I was an anomaly during my teen-aged years in Quincy, Illinois. I didn’t want to get a driver’s license! I liked walking and riding my bike around town. I didn’t even think about taking the driver’s test until a cop strongly urged that I do so, late at night in rural upstate New York.
I had a friend in Quincy during my adolescence. I was sort of a solitary soul and usually only had one friend at a time. Richard also had a bike, and we would ride up to the north side of town, the poor part of Quincy. We liked to hang out at a second-hand store owned and run by an American Indian guy; was his name really Dyke, or was that just a name he’d given the store? I never knew.

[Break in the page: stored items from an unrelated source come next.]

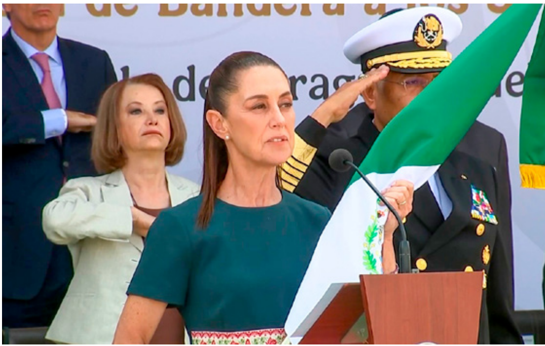
La mandataria encabezó la ceremonia conmemorativa del 164 aniversario de la Batalla de Puebla.

Estados Unidos, México y Canadá forman parte del T-MEC, el cual entró en vigor en julio de 2020 como el acuerdo que sustituyó al Tratado de Libre Comercio de América del Norte (TLCAN), actualmente el acuerdo se encuentra en un proceso de renegociación.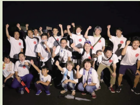
▲一緒に実行委員会を立ち上げた仲間。

市橋小学校PTAを中心に実行委員会を立ち上げ、市橋自治会連合会、市橋小学校、地域の団体、地元企業のみなさんにご協力をいただきました。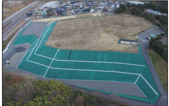
現在（令和 5 年 1 月）の旧処分場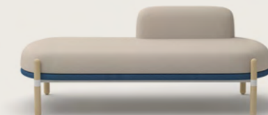
CAPSULE BENCH RIGHT/LEFT BACKREST 4236/08 - 4236/09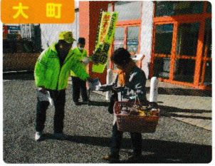
交通死亡事故緊急抑止対策

Dyke’s Everything Store was a treasure trove of oddities. During one visit I became fascinated by an ancient electrical device housed in an oak-veneered wooden cabinet. I asked Dyke:
“So what do you want for this thing? What is it, anyway?”

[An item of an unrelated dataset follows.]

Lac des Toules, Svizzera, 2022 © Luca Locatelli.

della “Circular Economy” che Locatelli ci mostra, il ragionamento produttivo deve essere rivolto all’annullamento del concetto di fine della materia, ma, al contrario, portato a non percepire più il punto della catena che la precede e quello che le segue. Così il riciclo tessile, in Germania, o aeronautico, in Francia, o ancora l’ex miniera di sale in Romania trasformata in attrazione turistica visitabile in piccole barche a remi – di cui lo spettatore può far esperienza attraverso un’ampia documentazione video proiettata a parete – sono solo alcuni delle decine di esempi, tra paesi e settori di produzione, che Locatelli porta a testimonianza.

“Aw, Larry, you could have fun with this wire recorder! I’ll sell it to you for five bucks.”
I paid him, and Dyke helped me lash the awkward recorder onto my bike’s handlebars.

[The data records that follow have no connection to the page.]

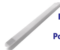
PONTA FRAZIONADA LINLY 64 MICRO PONTOS DESCARTÁVEL 10un - LOKTAL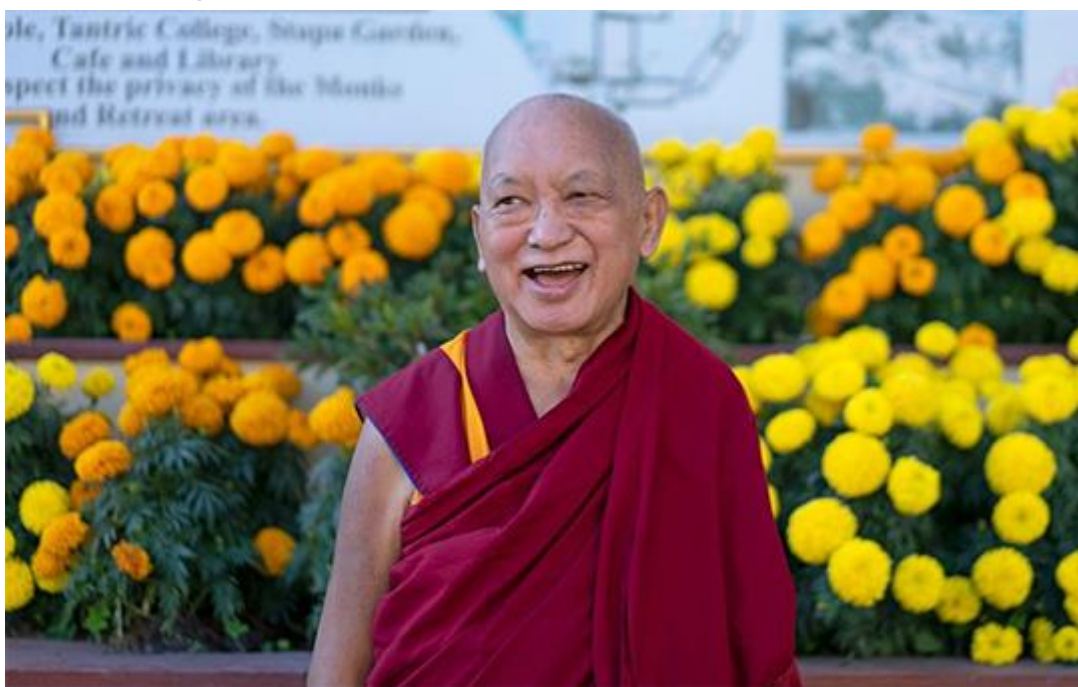
Lama Zopa Rimpoché en el monasterio de Kopan, Nepal, noviembre de 2020.

En las asombrosas enseñanzas continuas de Transformación del Pensamiento en línea de Lama Zopa Rimpoché, Rimpoché aconseja: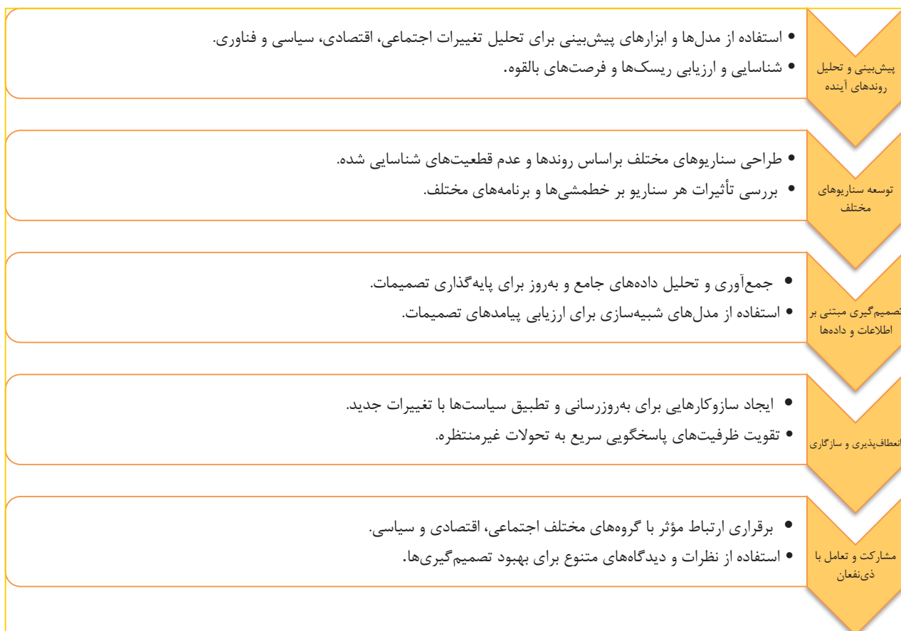
شکل ۱. مراحل اجرای حکمرانی پیش‌نگر [۲۴]

مراحل اجرای حکمرانی پیش‌نگر را می‌توان بر اساس مراحل ذیل خلاصه کرد که در شکل زیر نشان داده شده است [۲۴].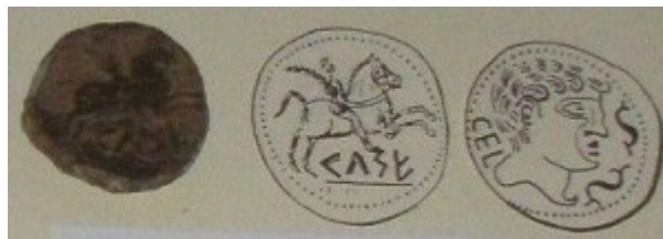
Fig. 1: As con jinete lancero. Está al revés, a la izquierda está el reverso y a la derecha está el anverso de la moneda.

Aquí expondremos unos cuantos ejemplos de moneda hispánica, los más característicos y significativos según el museo, pues los ha juzgado merecedores de unos dibujos adjuntos que nos permitan ver anverso y reverso.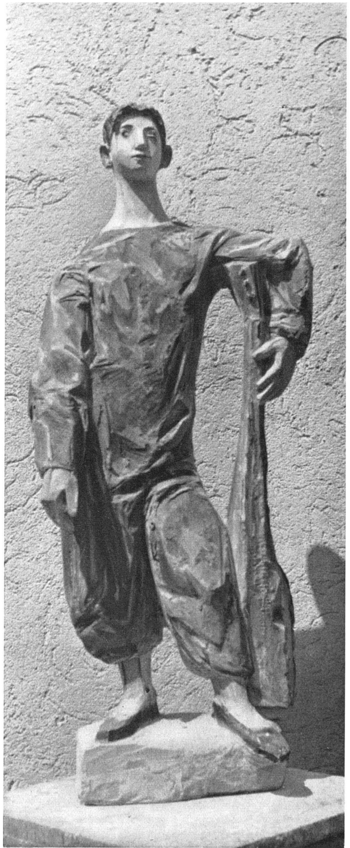
Emilio Stanzani, Filippo, 1953. Stuck, bemalt / Filippo; stuc peint / Filippo, painted stucco

Die Gefahr des Karikaturistischen war dabei groß. Er verfiel ihr, als ein im Grunde melancholischer Romantiker, nicht. Man darf behaupten, daß hier wie bei Toulouse-Lautrec eine schöpferische Figur des Rampenlichts durch das Medium der bildenden Kunst registriert und zum Werk erstarrt ist.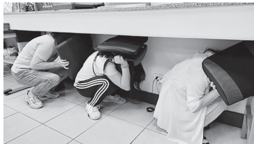
地震避難掩護演練

為提升員工地震避難之知識與技能，農田水利署雲林管理處於9月21日「國家防災日」，假本處大樓實施地震避難掩護演練，宣導本處同仁平時備妥緊急避難包，當地震發生時應保持鎮定，若在室內立即採取抗震保命三步驟：「趴下、掩護、穩住」，保護頭、頸部及身體，盡可能找桌子等較為穩固的傢俱就地掩護，以防燈具、吊扇、水泥碎片等懸吊物掉落，造成二次傷害，若在室外應立即蹲下就近找掩護，等地震稍緩後，遵守「不語、不跑、不推」原則進行避難疏散，透過實地地震防災避難演練，建立正確的防震觀念，強化災害應變能力以確保自身安全。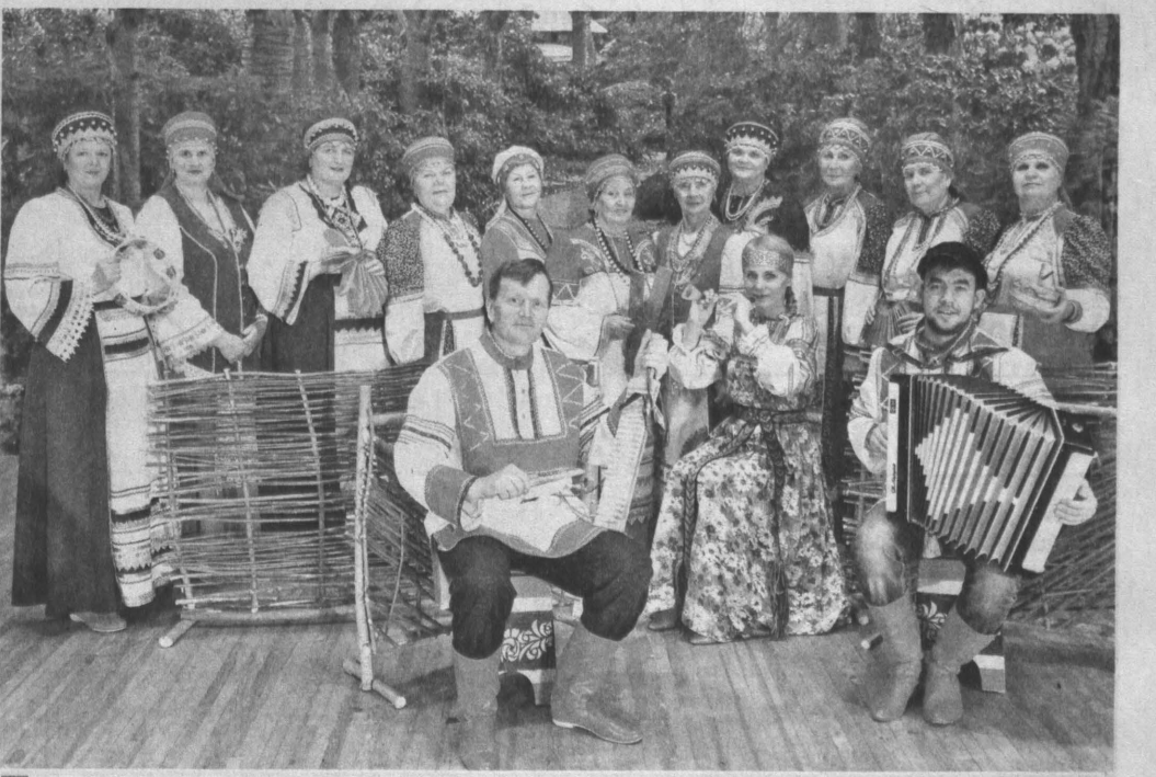
Фольклорный ансамбль «Сударушки».

7.11.1940. Состоялось открытие Дворца культуры Кировского района г. Кемерово

Once I had carried the thing downstairs and plopped it onto a table in my basement lair, I tried plugging it in. No response. So I had bought a broken wire recorder!
The spools of fine silvery wire fascinated me, though. I pounded in nails around the periphery of the lair and spent a couple of hours stringing that wire back and forth from nail to nail, creating a silvery network over the floor joists. Then I pounded in some nails just over the door-less entry to the lair. I suspended more wires from those nails. To get into the lair you had to just walk right through those diaphanous strands.
I figured that I had gotten my money’s worth!
I remember the lair but not the wire curtain!